4.2.2. Wat betreft de periode na het indienen van het verzoek oordeelde de rechtbank het niet met een evenwichtige en zorgvuldige belangenafweging verenigbaar dat het besluit, waarvan is verzocht terug te komen, blijvend aan betrokkene wordt tegengeworpen. Onder verwijzing naar de uitspraak van de Raad van 2 maart 2007 (LJN AZ9652) stelde de rechtbank vast dat het Uwv bij de vaststelling van de restverdiencapaciteit van betrokkene ten onrechte is uitgegaan van een urenomvang van de maatman van 38 uur per week en dient het Uwv bij een nieuw besluit op bezwaar uit te gaan van een urenomvang van 55 uur per week.
5.1. In hoger beroep heeft het Uwv zijn in overweging 3.3 neergelegde standpunt over de betekenis van nieuwe jurisprudentie voor de beoordeling van een verzoek om terug te komen van een rechtens onaantastbaar geworden besluit herhaald en voorts gewezen op de uitspraak van de Raad van 19 februari 2008 (LJN BC4830).
5.2. Betrokkene heeft zijn standpunt herhaald dat het besluit van 17 augustus 2005 met volledige terugwerkende kracht zou moeten worden herzien.
6.1.1. De Raad stelt in de eerste plaats vast dat het Uwv in hoger beroep een besluit op bezwaar van 18 juni 2008 (hierna: besluit 2) heeft overgelegd.
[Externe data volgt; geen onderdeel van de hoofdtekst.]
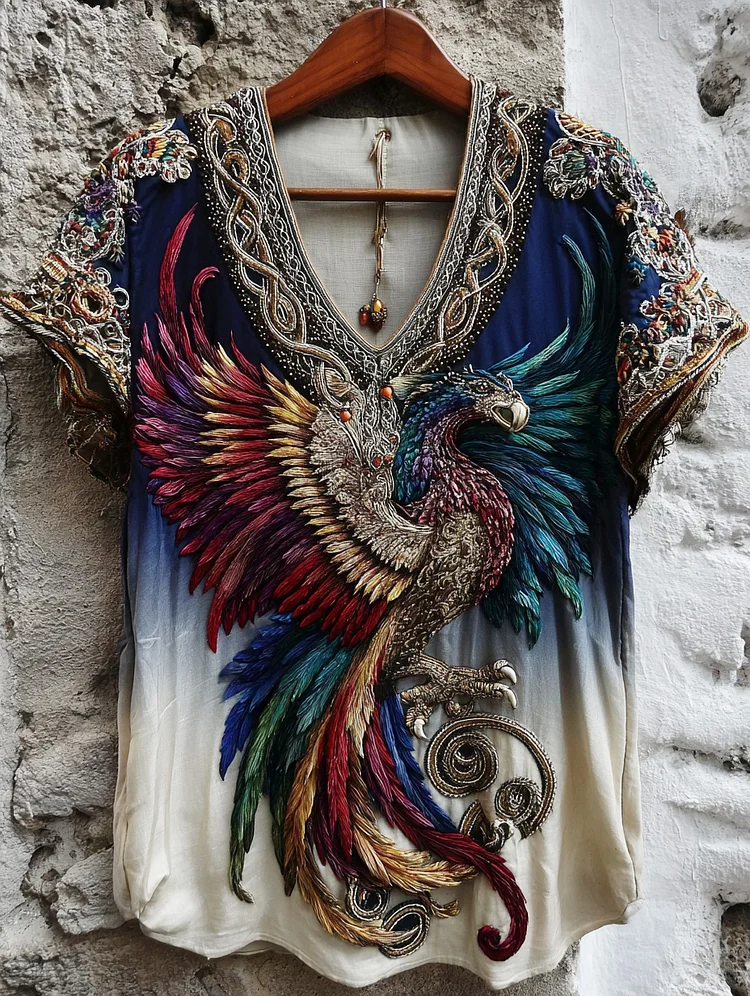 Women's Viking Celtic Knot Phoenix Totem Gradient Linen T-shirt
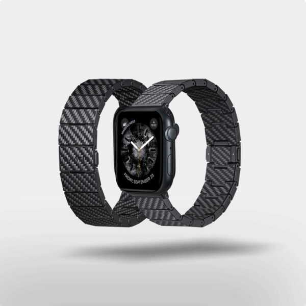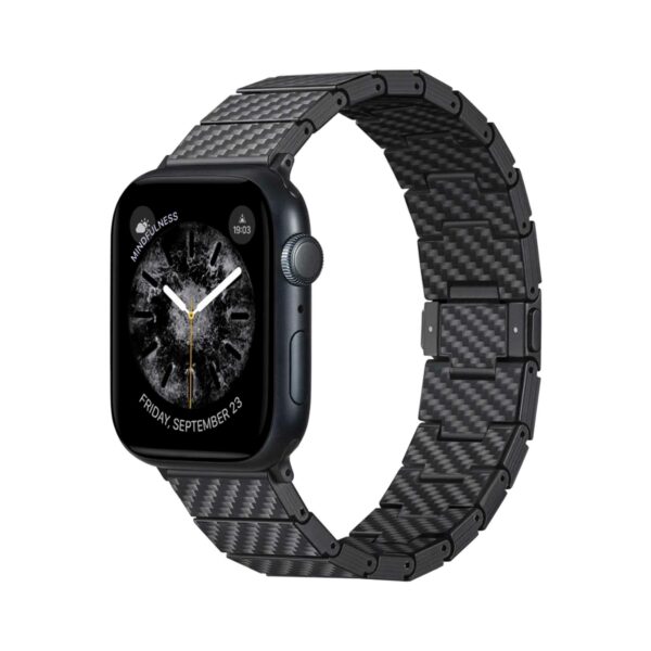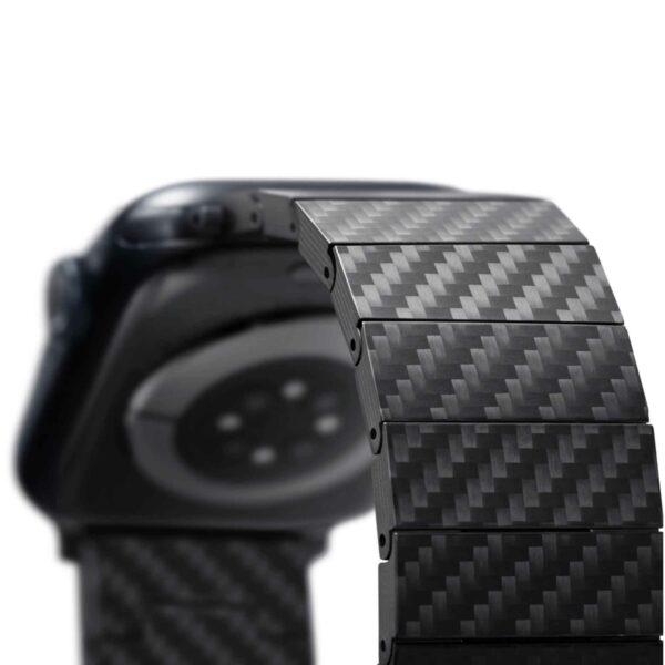 Verdens første urrem med led fremstillet af 100 % kulfiber, der er kompatibel med alle Apple Watch-modeller, inklusive Series 11-1, SE3/SE og Ultra 3/Ultra 2/Ultra.

Besluit 2 heeft betrekking op een besluit van het Uwv van 6 december 2007, waarbij de mate van arbeidsongeschiktheid van betrokkene met ingang van 2 maart 2007 was gesteld op 45 tot 55%. Bij besluit 2 heeft het Uwv het bezwaar tegen het besluit van 6 december 2007 gegrond verklaard maar de mate van arbeidsongeschiktheid, zoals vastgesteld bij laatstgenoemd besluit, niet gewijzigd. Het Uwv overwoog wel dat bij het besluit van
6 december 2007 uitgegaan had moeten worden van een maatman van 55 uur in plaats van 53,24 uur.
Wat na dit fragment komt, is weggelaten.